Инерция подобных формул пролонгирует жизнь тоталитарного дискурса за пределами тоталитаризма и даже авторитаризма. Ведь с ними ничего не произошло ни в девяностые, ни в нулевые годы.
Приемлемыми для постсоветского социума казались и кажутся не только советские формулы, но и советские практики, связанные с позитивной цензурой.
Джордж Оруэлл в процитированной выше статье говорит, что самое худшее, что можно сказать о художественном произведении, — это то, что оно неискренне. Ключевое свойство позитивной цензуры — разрушение жанровой системы — и вызвало к жизни массовую неискренность, которая от писателей передавалась читателям.
Здесь хочется подчеркнуть два аспекта. Первое, неискренность распространялась не только на литературные жанры, но и на жанры речевые. Второе, неискренность пережила смену поколений.
Обычная запретительная цензура выходила, конечно, за сферу официального. Были темы-табу, но массовое бытование анекдотов показывало проницаемость этих табу. Табу извечно создает соблазны, и это известный культурный феномен, есть даже ритуальные нарушения табу — карнавалы. Как это ни парадоксально, но парализующее мысль воздействие позитивной цензуры было эффективнее. Следование предписаниям — о чем и в каких выражениях надо говорить — было необходимым условием советской карьеры, и в этом смысле люди образованные, прошедшие школу жизни в вузе, были большими конформистами, чем «пролы».
Бытует мнение, что на собрании мы говорили одним языком, а стоило собрание покинуть — и наша речь, и наше мышление текли по другому руслу. В реальности это не совсем так. Вокруг официоза существовала, так сказать, серая зона, скажем, общение с мало знакомыми людьми, которые только что вышли из того же собрания. В таких случаях официальным формулам могла сообщаться ироническая интонация, но это их не отменяло.
Выражение «в добровольно-принудительном порядке» существует до сих пор, и оно явно содержит иронию. Но все знают, что такой инструмент (не только социальный, но и когнитивный) существует: есть в жизни такая стихия, и это нормально. Формулу «Ставь общественное выше личного» можно было употребить и на собрании, и вне его. Это, конечно, зависело от многих обстоятельств, но то, что «общественное» имело мало отношения к обществу, общественной жизни, а означало в лучшем случае «служебное» и часто таило в себе потемкинскую деревню, формула так или иначе камуфлировала, уводя мысль в нужную власти сторону. Достаточно сомнительным было и функционирование слова «энтузиазм», каким бы ироничным искажениям («энтуазизм») оно ни подвергалось. Обычный оборот звучал так: «Не вижу энтузиазма, товарищи!» За ним стояло то, что симулирование служебного рвения не только нормально, но и является одним из непреложных устоев жизни.
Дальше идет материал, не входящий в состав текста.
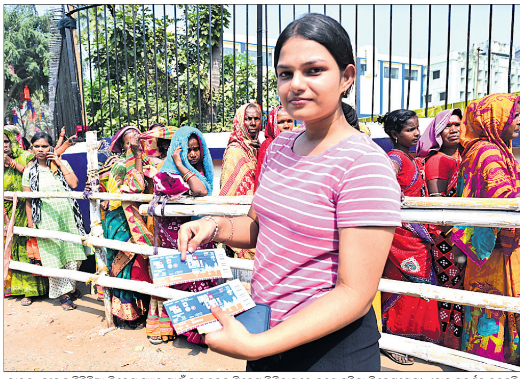
ଭାରତ-ଇଂଲଣ୍ଡ ଦିନିକିଆ କ୍ରିକେଟ ମ୍ୟାଚ ପାଇଁ କାରଖାନା ତିନିଦିନ ବନ୍ଦ କରିବାପରେ ଜଣେ ମହିଳା କ୍ରିକେଟପ୍ରେମୀ ଏହାକୁ ପ୍ରଦର୍ଶନ କରୁଛନ୍ତି।

ଭୁବନେଶ୍ୱର, ୫୧୨ (ତପନ ସାଲ୍) ଗୋଆର ଜବାହରଲାଲ ନେହେରୁ ଷ୍ଟାଡ଼ିୟମରେ ଗୁରୁବାର ଓଡ଼ିଶା ଏଫସି ଓ ଏଫସି ଗୋଆ ମଧ୍ୟରେ ଆଇସ୍‌ସ୍‌ସ୍‌ସ୍ (ଇଣ୍ଡିଆନ୍ ସୁପରଲିଗ୍) ମ୍ୟାଚ ଅନୁଷ୍ଠିତ ହେବ। ଆଇସ୍‌ସ୍‌ସ୍‌ସ୍ ଓଡ଼ିଶା ଏଫସି ପ୍ରତିସ୍ପନ୍ଧ ଗୋଆ ବିପକ୍ଷରେ କେବେହେଲେ ବିଜୟ ହାସଲ କରି ନାହାନ୍ତି। ତେଣୁ ଆଗାମୀ ମ୍ୟାଚକୁ ସ୍ମରଣୀୟ କରିବାକୁ ଓଡ଼ିଶା ଏଫସି ପ୍ରସ୍ତୁତ। ତେବେ ପୁଣ୍ୟ କୋର୍ ସର୍ବିଓ ଲୋକେବାହି ଏହି ମ୍ୟାଚ ପାଇଁ ଉପକଳ୍ପ ହେବେନାହିଁ। କଳିଙ୍ଗ ଷ୍ଟାଡ଼ିୟମରେ ଏହା ପୂର୍ବରୁ ଅନୁଷ୍ଠିତ ନର୍ଥଇଷ୍ଟ ଷ୍ଟାଡ଼ିୟମରେ ବିପକ୍ଷ ମ୍ୟାଚରେ ରେକର୍ଡ଼ ନିର୍ମୂଳ୍ୟ ହେବ ବାହାରେ ରହିବେ। ସହକାରୀ କୋର୍ ଆଲୋଚନା ଫର୍ମାଟ୍‌ରେ ଓଡ଼ିଶା ଦଳ ଦାୟିତ୍ୱରେ ରହିବେ। ପ୍ରସଂଖ ଟେକ୍ନୋଲୋଜି ଓଡ଼ିଶା ଏଫସି ଏବେ ୨୫ ପ୍ରସଂଖ ସହ ୭ମ ସ୍ଥାନରେ ରହିଛି। ଅନ୍ୟପକ୍ଷରେ ଜାମସେଦପୁର ଏଫସିଠାରୁ ୧-୩ ଗୋଲରେ ପରାଜୟ ପରେ ଗୋଆ ଏହି ମ୍ୟାଚ ଖେଳିବାକୁ ଯାଉଛି। ୩୩ ପ୍ରସଂଖ ସହିତ ଏହି ଦଳ ୩୫ ସ୍ଥାନରେ ଥିବାରୁ ଟ୍ରେନିଂ-ଅପ୍ରେସନ ନିକଟରେ ହୋଇଛି।

Паттерны реакции на позитивную цензуру, то есть на неискренность, очень легко транслируются следующим поколениям. Тривиальная штука — взрослые учат детей, учат дома, учат в школе, учат новичков на работе. Школяры спокон века бунтуют, острят, высмеивают учителей, но этот бунт не может быть глубоким, потому что им предстоит жить во взрослом мире, а человек — существо адаптивное. Можно сколько угодно говорить: «Это мир стариков, а у нас все по-другому», но жизнь, если это не сказка про короля Матиуша, не устроена так, что поколения сменяют друг друга, как в карауле: смена происходит постепенно. Гораздо легче разорвать цепочку запретов, чем цепь впитанных с молоком матери предписаний.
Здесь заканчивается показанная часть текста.